If an invasion happens slowly enough, will anyone notice? That's question Russian autocrat Vladimir Putin seems to be asking himself as he tests the resolve of Western leaders by slowly inching his massive army into Ukraine. Earlier today, the Ukrainian government responded to Russian forces entering dissident-controlled Ukrainian territory by conscripting military reservists, granting citizens the right to bear arms, and declaring a 30-day national emergency (unlike recent emergency extensions by two powerful North American cowards-in-chief, foreign invasion actually qualifies as a national emergency). CBN reporter George Thomas reported from Ukraine that the public is fired up to defend the sovereignty of their homeland against Putin's aggression.

Meanwhile, American sanctions are rolling in much slower than Russian tanks. The Biden administration threw out the playbook on international relations, "holding back on sanctions as a deterrent measure," Representative Michael Waltz (R-Fla.) said. That experiment "has failed." He explained on "Washington Watch" that America should have ratcheted up sanctions as Putin began "threatening his neighbors.... Then, at the negotiating table, you pull those sanctions back as he de-escalates." The Russian army has now entered the dissident-controlled territory, which U.S. Ambassador to the U.N. Linda Thomas-Greenfield called a clear violation of Ukrainian sovereignty.
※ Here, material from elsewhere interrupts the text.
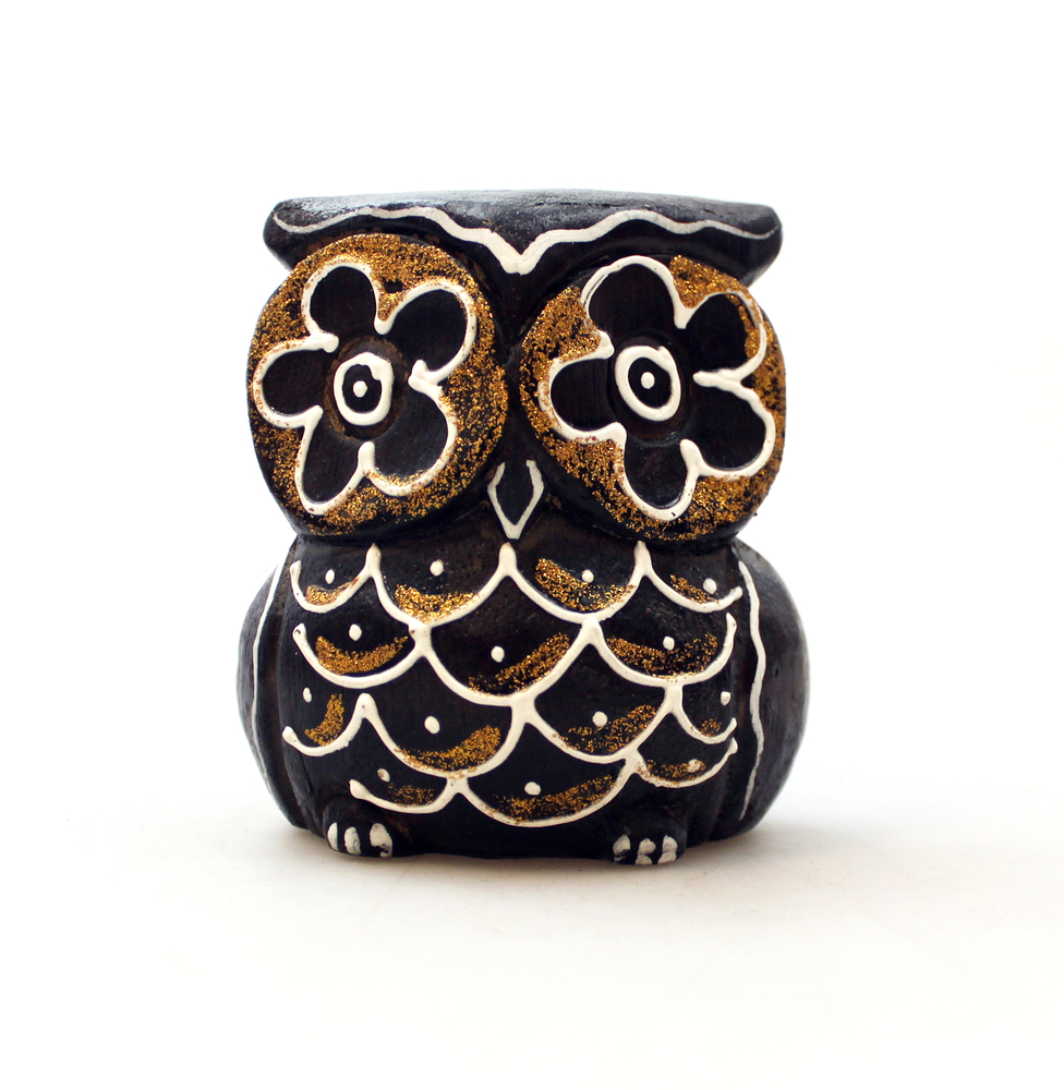 Uil 9 cm bruin/goud hout, SA Bali - Indonesie

On Tuesday, President Biden declared the "first tranche" of sanctions on Russia, which Waltz called "too little, too late." Effective sanctions on Russia target "these so-called oligarchs... the wealthiest of the wealthiest in the Russian society," Putin's inner circle, Thomas explained. But when "troops marched into the Donetsk and Luhansk region... some of those oligarchs were vacationing in the Swiss Alps."

Pro-Russian (and possibly Russian-controlled) separatists have controlled eastern border regions of two Ukrainian provinces, Donetsk and Luhansk, ever since Russia's 2014 annexation of Crimea, another Ukrainian province. This week, Putin recognized Donetsk and Luhansk as independent republics (Soviet style) -- including the majority of those regions which are currently controlled by Ukrainian forces. Putin also said the country of Ukraine has no right to exist. For comparison, imagine if Mexico-backed dissidents controlled the Rio Grande Valley, and Mexico recognized Texas as an independent republic. To complete the analogy, imagine that Mexico had previously annexed California in 2014 for its natural resources and ports, and denied the United States' right to exist. That's the threat Ukraine is facing down, with a military only a fraction of Russia's.
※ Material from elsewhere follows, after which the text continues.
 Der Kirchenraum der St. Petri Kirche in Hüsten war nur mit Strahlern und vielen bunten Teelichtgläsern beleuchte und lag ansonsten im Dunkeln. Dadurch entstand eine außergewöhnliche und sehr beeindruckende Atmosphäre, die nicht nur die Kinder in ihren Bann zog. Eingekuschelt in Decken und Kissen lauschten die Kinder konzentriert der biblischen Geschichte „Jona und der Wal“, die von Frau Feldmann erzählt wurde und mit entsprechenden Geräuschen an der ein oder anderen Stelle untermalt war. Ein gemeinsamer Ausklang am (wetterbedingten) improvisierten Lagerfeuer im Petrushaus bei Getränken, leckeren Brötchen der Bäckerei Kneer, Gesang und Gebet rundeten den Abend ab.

Russian attacks on Ukrainian positions could begin any minute, although one soldier has already died from intermittent shelling along the border. Ukrainian government websites sustained a new volley of Russian cyber attacks earlier today. "If [Putin's] going to move, he's going to have to move quickly," said Waltz. With as many forces as Russia has deployed around Ukraine, it's "incredibly expensive" to keep them in such a "high state of readiness." Not to mention that spring thaws will literally bog down Russian armor columns, which can now blitz through frozen meadows with impunity. Putin's slow-motion invasion may hold all the cards, but it's also on a timer.
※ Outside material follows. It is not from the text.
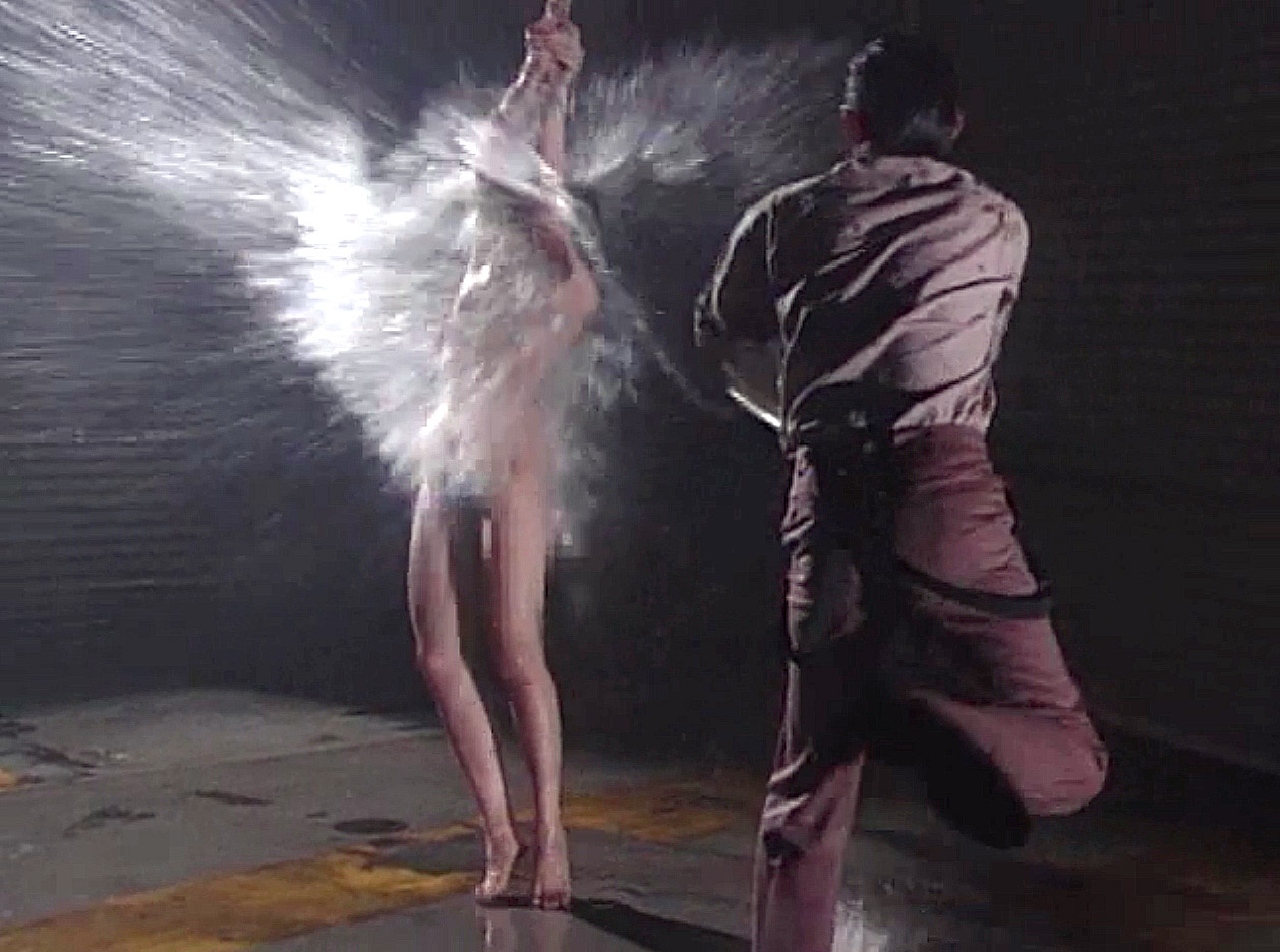 幾度も幾度も体に容赦なく水を叩きつけられて吹っ飛ぶ女、ようこ。
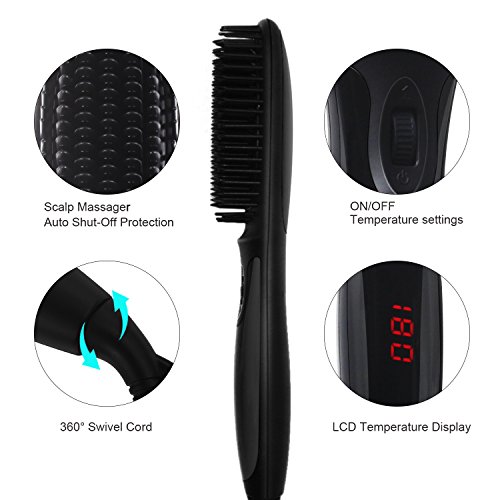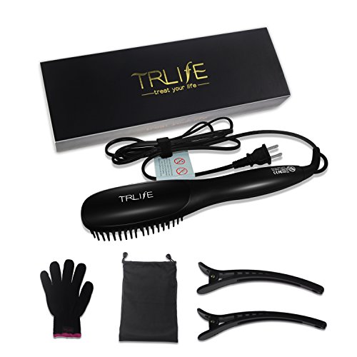 TRLIFE Hair Straightener Brush Electric Digital Anion Ceramic Hair straightening Comb ,Anti Scald with Glove Pouch,Sweet Gift for Mothers Girlfriend Wife Women

Putin's decision to move forces into Ukrainian breakaway regions "is clearly the basis for Russia's attempt to create a pretext for a further invasion of Ukraine," said Thomas-Greenfield. Even President Biden is convinced the former KGB officer plans to invade Ukraine. "People here are very concerned that he has these ambitions to reconstitute not just the USSR, but the Russian Empire," Thomas reported. Putin is only delaying the inevitable in hopes of somehow spinning the facts to justify his ruthless conquest of a smaller, freer neighbor. But it seems clear that the U.S. government, and everyone else, lacks the political will to deter him.